_Instructions to follow_
Restate the listing word for word. Stop at the line that holds "Das im Jahr", include it, and leave out all pictures.

_Supplied information_
============================================================
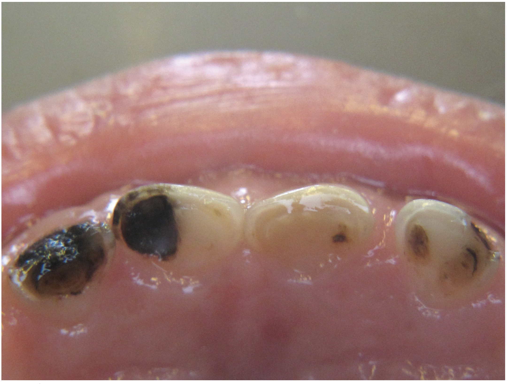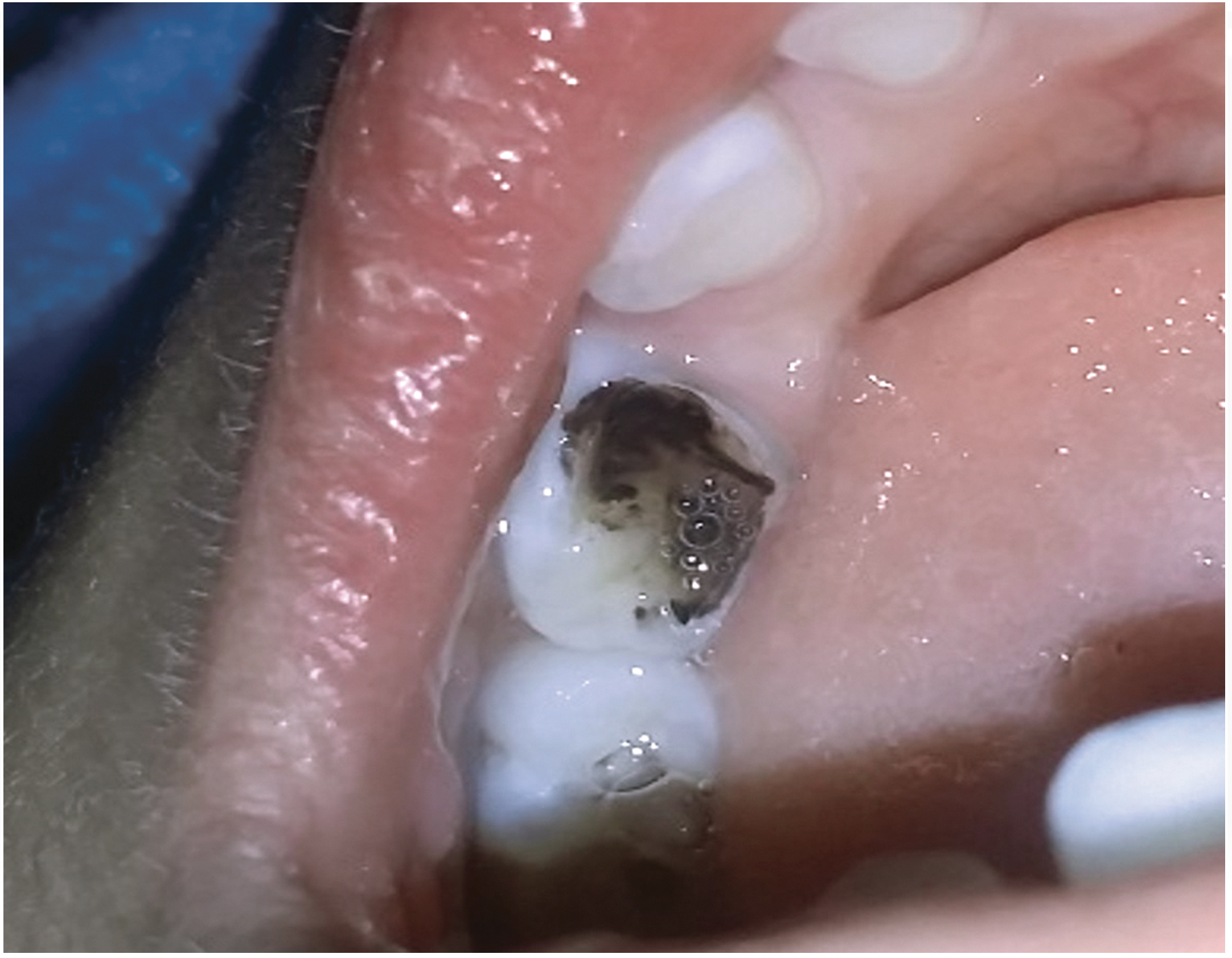 The available SDF product is a clear liquid that is carefully applied in small quantities to the accessible caries lesion. After 30 to 60 seconds of application, the lesion turns black in color, and as reported by each clinician who uses the product, there exists a colorometric indication of biofilm disruption/destruction32,33 (Figure 2). When the patient returns for follow-up after placement of the SDF treatment, it can be explained that the black color indicates biofilm destruction within the lesion and halting of progression of the lesion (Figure 3 and Figure 4). The surface of the dentin below the previously softened caries-affected dentin can be hardened and no longer affected by the biofilm. In some cases, lesions adjacent to the caries lesion intended to be treated can be halted in their earlier stages of development, such as with adjacent proximal lesions (Figure 5).
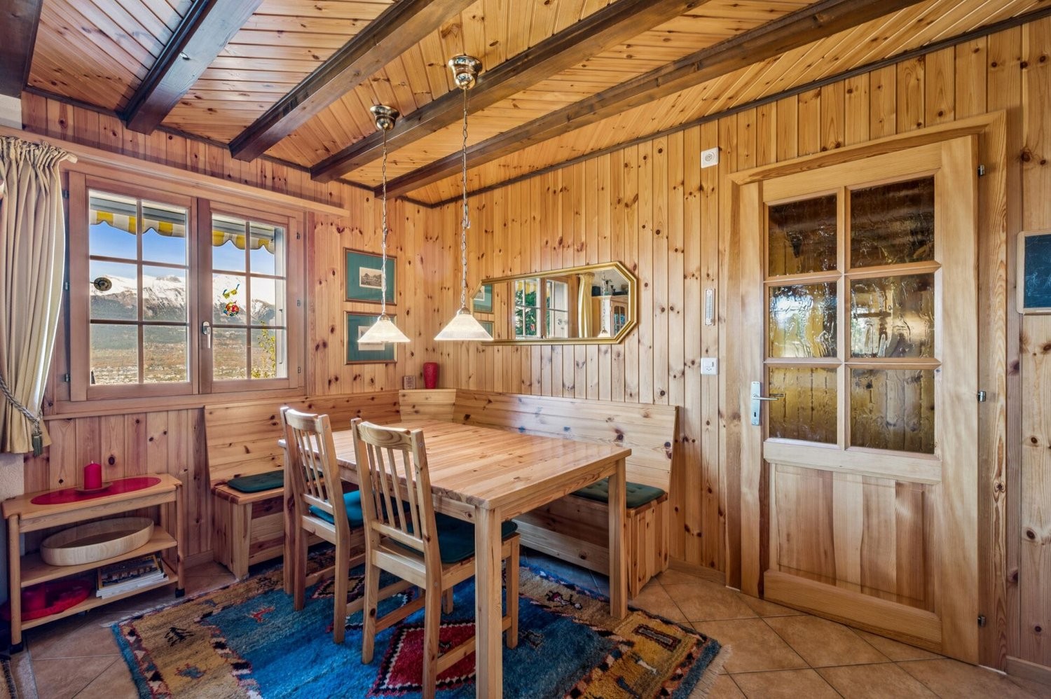 Das im Jahr 1992 erbaute Chalet überzeugt durch seine warme Ausstrahlung und eine liebevoll gestaltete Innenarchitektur. Auf rund 87 Quadratmetern Nettowohnfläche entfaltet sich ein behagliches Raumkonzept, geprägt von Holz, Struktur und Licht. Beim Eintreten empfängt Sie ein praktischer Eingangsbereich mit Platz für Schuhe und Jacken. Der gemütliche Wohn- und Essbereich mit Cheminée lädt zum Verweilen ein und vermittelt ein Gefühl von Geborgenheit. Grosse Fensterfronten eröffnen den Blick auf die umliegenden Gipfel, während sich die Terrasse als Ort des Innehaltens und Geniessens präsentiert.
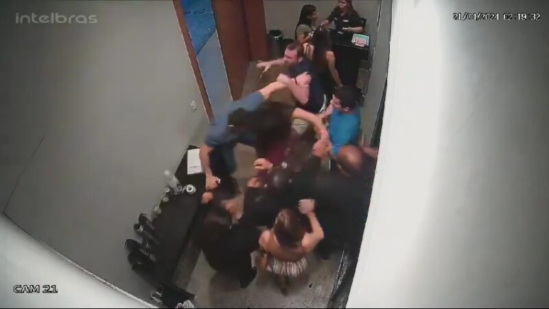 O vídeo também mostra que, após os disparos, o policial entrou novamente no estabelecimento, viu a mulher baleada, mas não prestou socorro e deixou o local sem mais interações.
============================================================
_Written solution_
 The available SDF product is a clear liquid that is carefully applied in small quantities to the accessible caries lesion. After 30 to 60 seconds of application, the lesion turns black in color, and as reported by each clinician who uses the product, there exists a colorometric indication of biofilm disruption/destruction32,33 (Figure 2). When the patient returns for follow-up after placement of the SDF treatment, it can be explained that the black color indicates biofilm destruction within the lesion and halting of progression of the lesion (Figure 3 and Figure 4). The surface of the dentin below the previously softened caries-affected dentin can be hardened and no longer affected by the biofilm. In some cases, lesions adjacent to the caries lesion intended to be treated can be halted in their earlier stages of development, such as with adjacent proximal lesions (Figure 5).
 Das im Jahr 1992 erbaute Chalet überzeugt durch seine warme Ausstrahlung und eine liebevoll gestaltete Innenarchitektur. Auf rund 87 Quadratmetern Nettowohnfläche entfaltet sich ein behagliches Raumkonzept, geprägt von Holz, Struktur und Licht. Beim Eintreten empfängt Sie ein praktischer Eingangsbereich mit Platz für Schuhe und Jacken. Der gemütliche Wohn- und Essbereich mit Cheminée lädt zum Verweilen ein und vermittelt ein Gefühl von Geborgenheit. Grosse Fensterfronten eröffnen den Blick auf die umliegenden Gipfel, während sich die Terrasse als Ort des Innehaltens und Geniessens präsentiert.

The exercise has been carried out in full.